Burnのオーバーラップを牽制するためにも右サイドで張って仕事ができる選手が欲しい
・攻守ともにサイドの人数が不足しがちなので、サイドに人数をかけて制圧したい
ライン間で受ける選手に弱い傾向にあるのでここを上手く利用する
中央に人数をかけて攻めてくる傾向にあるのでここへしっかりと対応できる中盤の選手の起用

 そこで選んだのが下の様なメンバー。Ozilをトップにする0トップもみてみたいが、Ceballosが不在で中盤の人員に余裕がないので断念。Pepe、Aubameyangは基本的に前残りさせるようにして常に裏をつく脅威を与えていきたい。

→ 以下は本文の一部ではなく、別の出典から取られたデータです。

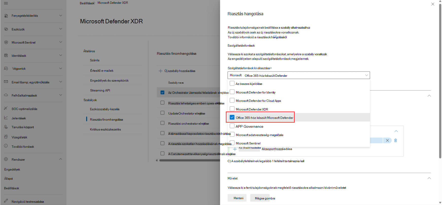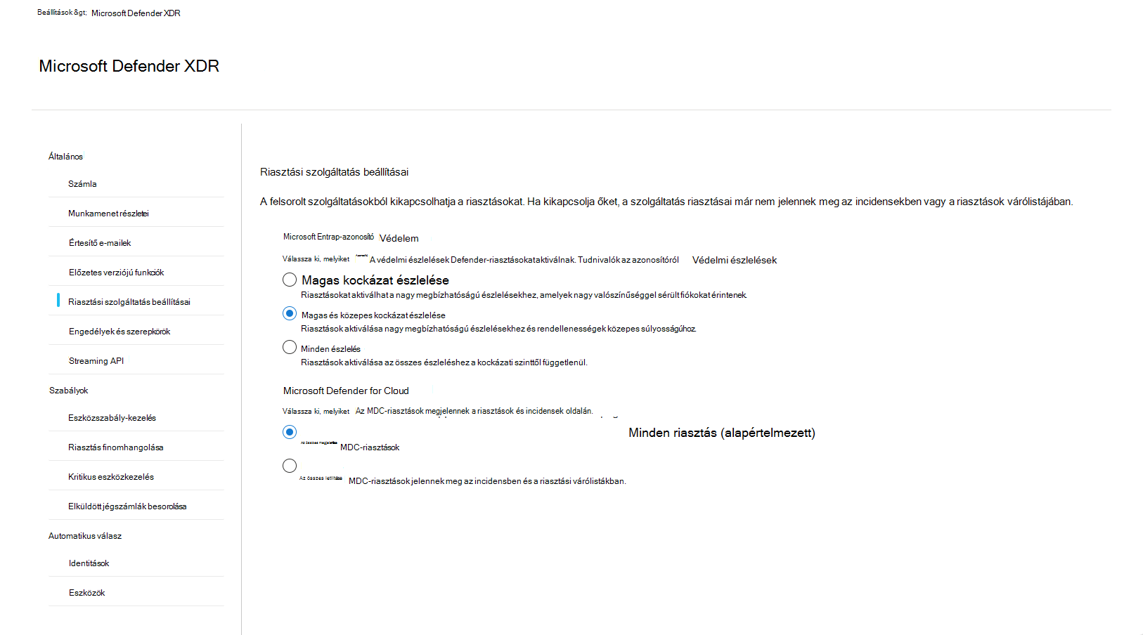 A riasztási szolgáltatás beállításainak konfigurálása a Microsoft Defender XDR:

 守備時には下の図のような形になる。Lacazette、OzilでDMFをみるようにし、基本的にTorreiraは余らせるようにして相手が中央に人数をかけてきた場合に刈り取る役割に専念してもらいたい。ちなみに下の図の右はブライトンが442で来た時の守備であるが、その場合もさほど変わらない方法で守ることができるようになっている。懸念点と言えばドリブルでの推進力に長けたConnollyとSokratisが一対一になる場面が多くなってしまいそうなことであるが、Kolasinacを左SBで起用していたことからもLjungbergは4バックを好んでいそうで、4バックを採用する以上このリスクは常に生まれると思う。割り切ってSokratisに期待するしかない。

 下の動画を観るとわかるように、Potter監督は非常に理知的な話し方をする監督で、界隈では非常に評価されている様である。就任2試合目でこういった監督を相手にしなければいけないというのはLjungbergにとって非常に酷な話であるが年齢的にはLjungbergの方がわずか2歳若いだけである。同年代の実力者に真正面からぶつかることはLjungberg自身の成長にとってもかけがえのない経験になるはずだ。the Arsenal wayの片鱗をみせて、そして久々の勝利を掴み取ってほしい。